Antitumour effect of AC7700 against tumours growing in various tissues. The left side in each panel shows results for the group given 0.9% NaCl (eight rats); the right side in each panel shows results for the group treated with 10 mg kg⁻¹ AC7700 (eight rats). The sum of tumours that appeared in rats in each group is shown in each panel. (A) tumours in the lung; (B) tumours in the liver; (C) tumours in the myocardium; (D) tumours in the subcutis; (E) lymph node metastases (mediastinale, coeliacum, mesentericum, lumbare); (F) changes in body weight of tumour-bearing rats during AC7700 treatment. (A–C), mean tumour area±s.d. (mm²) in the maximum sections of the left lung, the left lobe of the liver, and the myocardium of the left ventricle. (D) and (E) mean tumour weight±s.d. (g) in the subcutis and lymph node metastases. Tumour size in the lung and subcutis in the AC7700-treated group was significantly smaller than that in the 0.9% NaCl-treated group (lung tumour, P=0.0228; subcutaneous tumour, P<0.0001). The number of lymph node metastases was significantly smaller in the AC7700-treated group compared with the control group (P=0.0054). There was no significant difference in body weight between the two groups.

Figure 5

Blood flow stasis in tumour capillaries caused by 10 mg kg⁻¹ AC7700. (A) before AC7700 administration; (B) 3 min later; (C) 5 min later; (D) 20 min later. Tumour blood flow in this region completely stopped approximately 2 min after the AC7700 administration. Original magnification, ×100. Bar, 100 μm.

Figure 6

Contraction of a host arteriole and a tumour-feeding arteriole caused by 10 mg kg⁻¹ AC7700. (A) before AC7700 administration; (B) 5 min later; (C) 30 min later; (D) 3 h later. Tumour blood flow completely stopped 30 min after i.v. administration of AC7700. Note that an arteriole (white arrow) underwent marked contraction in response to AC7700, and a feeding arteriole (asterisk) into a tumour disappeared from view. Original magnification, ×20. Bar, 250 μm.

Figure 7

Inhibition of SLC tumour growth caused by AC7700 in the tumour developing in a transparent chamber. Tumour size at the start of observation was defined as 100%. During the 48 h after a single i.v. administration of 10 mg kg⁻¹ AC7700, tumour size did not change at all (solid circle) (n=4).

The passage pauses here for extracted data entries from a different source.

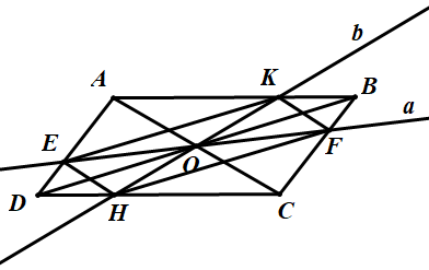 Cho hình bình hành \(ABCD\), gọi \(O\) là giao điểm của hai đường chéo \(AC\) và \(BD\).Qua \(O\) vẽ đường thẳng \(a\) cắt hai đường thẳng \(AD,BC\) lần lượt tại \(E,F\). Qua \(O\) vẽ đường thẳng \(b\) cắt \(AB,CD\) tại \(K,H\). Chứng minh \(EKFH\) là hình bình hành.
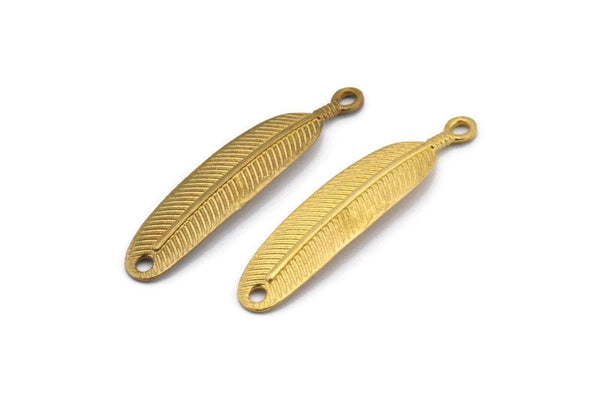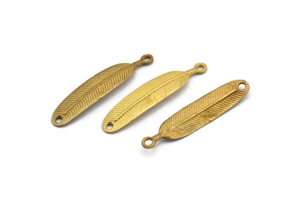 Pirinç Amazon Yaprakları, 4 Ham Pirinç Yaprak Bağlantı Tılsımı, 2 Delikli Kabile Kolye Uçları (43x9,5 mm) N0370
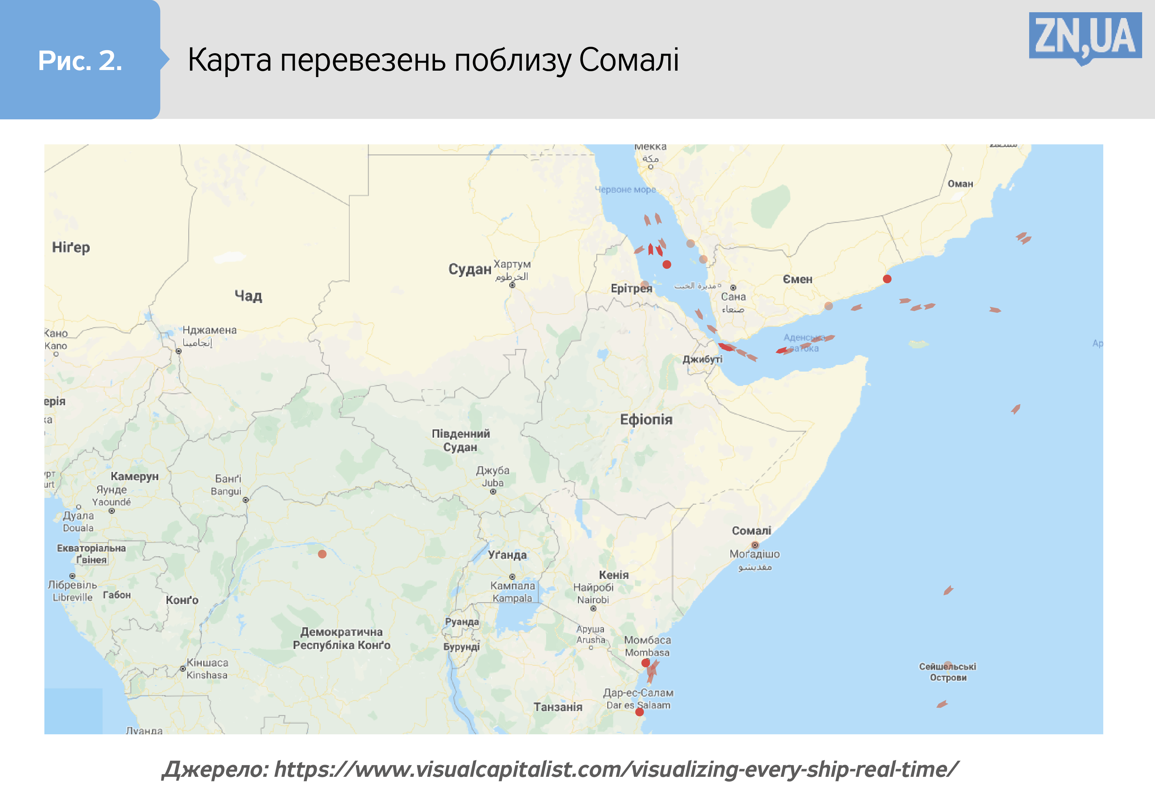 По-третє, Сомалі наближена до одного з центральних морських транспортних маршрутів. Неподалік сомалійського узбережжя розміщені так звані «ворота сліз», або протока Баб-ель-Мандеб, яка відділяє Червоне море від Індійського океану. Ще у 2016 році пораховано, що через ці ворота щодня пропливають 4,8 млн барелів нафти і нафтопродуктів, із яких 2,8 млн прямують на північ, до Суецького каналу і далі до Європи, а інші 2 млн барелів — на південь, через Аденську затоку до Азії. Навіть із нинішніми низькими цінами на нафту, це понад 190 млн доларів на день, величезні гроші для тих, для кого й 100 доларів — справжній статок.

In contrast, tumours in the control group continued to grow (open circle) (n=4). Tumour area doubling time was 41.7±11.4 h.

Figure 8

Typical finding of growth inhibition caused by AC7700 in an SLC microtumour developing in a transparent chamber. (A) before administration of 10 mg kg⁻¹ AC7700 administration; (B) 3.5 h after administration of AC7700; (C) 25 h later; (D) 48 h later; (E) histology 48 h later. Tumour blood flow completely stopped at 1 h after a single i.v. administration of AC7700. The whole region of the tumour, with a diameter of 2.5 mm, became necrotic. Tumours stopped growing completely during the 48-h observation period. Histological study (E and F, H&E stained) certified the tumour (shown on the right side) as necrotic. Original magnification: A–D, ×20; E, ×200; F, ×400. Bars: A–D, 500 μm; E, 100 μm; F, 50 μm.

Figure 9

Typical finding of growth of an SLC tumour developing in a transparent chamber in the control group. (A) 0 h; (B) 24 h later; (C) 48 h later. The tumour never stopped growing during the observation period. Original magnification, ×20. Bar, 500 μm.